Israeli VC fund Cyberstarts closes $100 million second fund
Founded in 2018 by tech veteran Gili Raanan, fund uses global cybersecurity experts to advise portfolio startups; Lior Simon joins fund as partner
Shoshanna Solomon was The Times of Israel's Startups and Business reporter
Cyberstarts, a venture capital fund that invests in early-stage cybersecurity startups, said Monday it had closed a second fund of $100 million.
The VC firm was founded in 2018 by Gili Raanan, with an initial fund of $54 million. To date, the fund has made six investments — including in Fireblocks, which has developed software to securely transfer assets across parties and wallets, and Axis Cybersecurity, which has built a cloud security platform — that have already raised an additional $33 million in follow-on rounds.
Investors in both of Cyberstarts funds include cybersecurity entrepreneurs Shlomo Kramer and Marius Nacht, founders of Israeli cybersecurity firm Check Point Software Technologies Ltd.; Mickey Boodai and Rakesh Loonkar, founders of Trusteer and Transmit Security; Nir Zuk, founder of cybersecurity firm Palo Alto Networks; Assaf Rappaport, founder of Adallom and Beyond Security and formerly the general manager of Microsoft’s development center in Israel; and Roy Zisapel of Radware.
The VC fund Sequoia, where Raanan is general partner, has also invested in the fund, according to a statement issued by Cyberstarts on Monday.
Lior Simon, a former investor at the VC fund Sequoia who set up Arbor Ventures Investments in Israel, has joined Cyberstarts as a partner, the statement added.
“The hunger for innovative cybersecurity solutions, particularly in times of crisis, is growing as a result of the rapid move to work-from-home, the growing transition to cloud computing and the push for automation for lowering operating costs,” said Raanan in the statement.

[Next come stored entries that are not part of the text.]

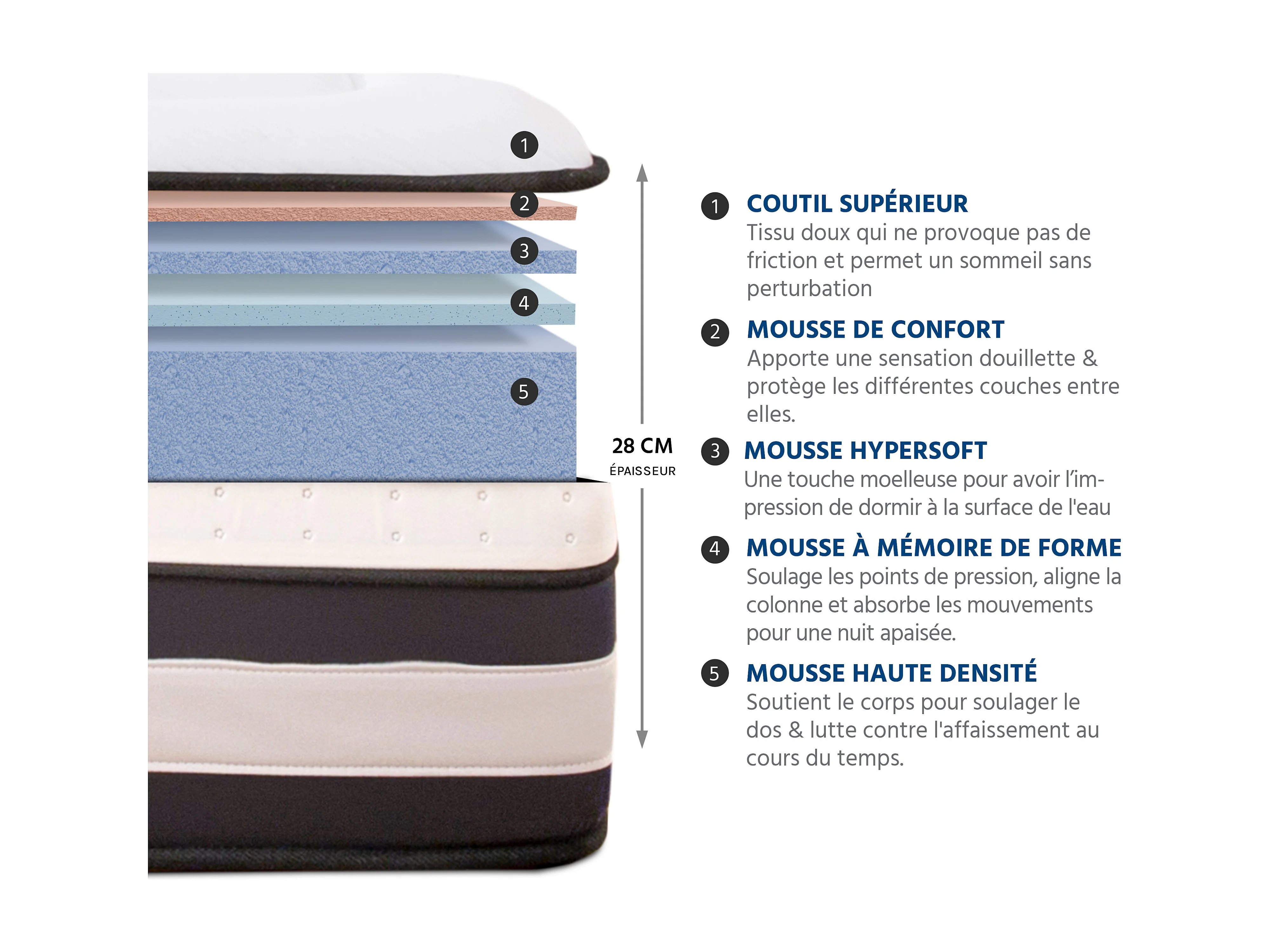 Matelas Calliope Mousse Haute densité Accueil Mémoire de forme - 140 x 190 cm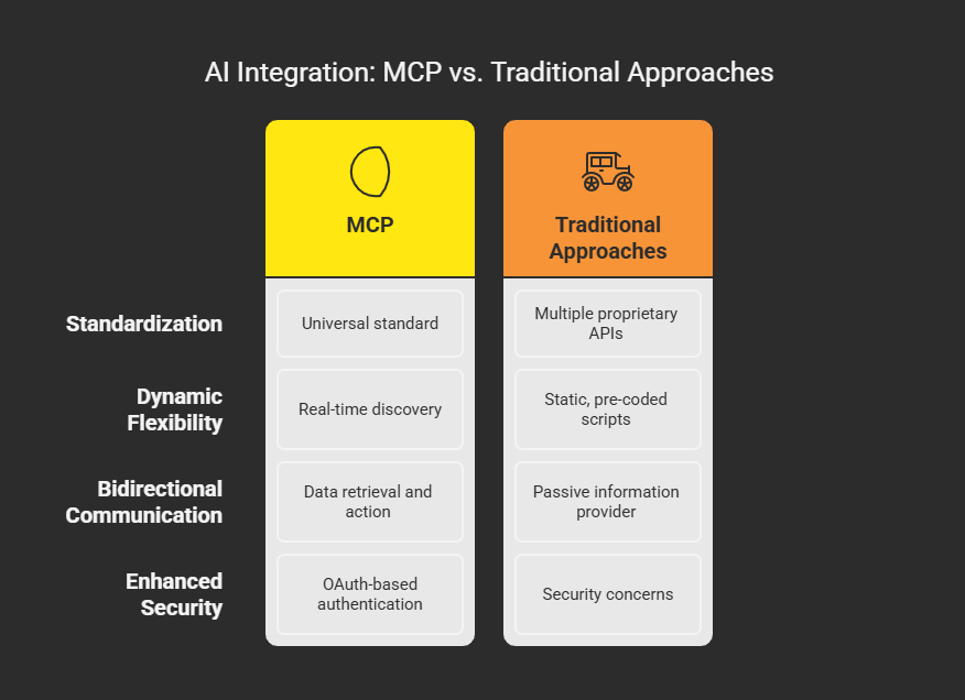 This comparison highlights the significant advantages of the MCP approach, particularly for organizations that need to integrate multiple data sources and tools with their AI systems.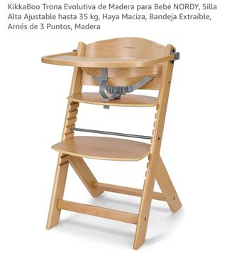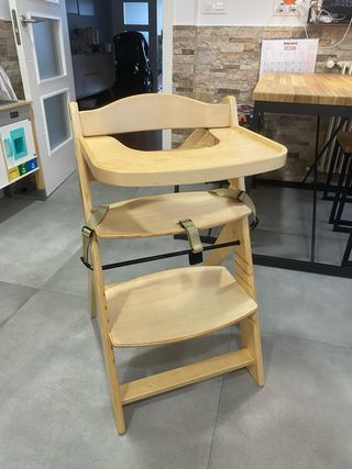 Trona evolutiva de madera maciza de haya, ideal para bebés. Se adapta al crecimiento del niño. - Bandeja extraíble. - Arnés de 3 puntos. - Ajustable hasta 35 kg. Muy poco uso, se entrega montada

The fund recruits the services of chief information security officers at US companies including Starbucks, Home Depot, Walmart, and Zoom, to provide its portfolio companies with advice and insights regarding the development of their technologies.
Raanan, a veteran in Israel’s tech scene, started out in the Israeli Defense Forces 8200 intelligence unit, where he served for some ten years. He later founded Sanctum, an application security startup that later sold to IBM, and nLayers, which developed tech to analyze the behavior of heavy applications in databases of enterprises. nLayers was sold to EMC for $50 million in cash in 2006. Raanan is also one of the inventors behind the CAPTCHA security algorithm.
In 2009, Raanan joined Sequoia Israel as managing partner.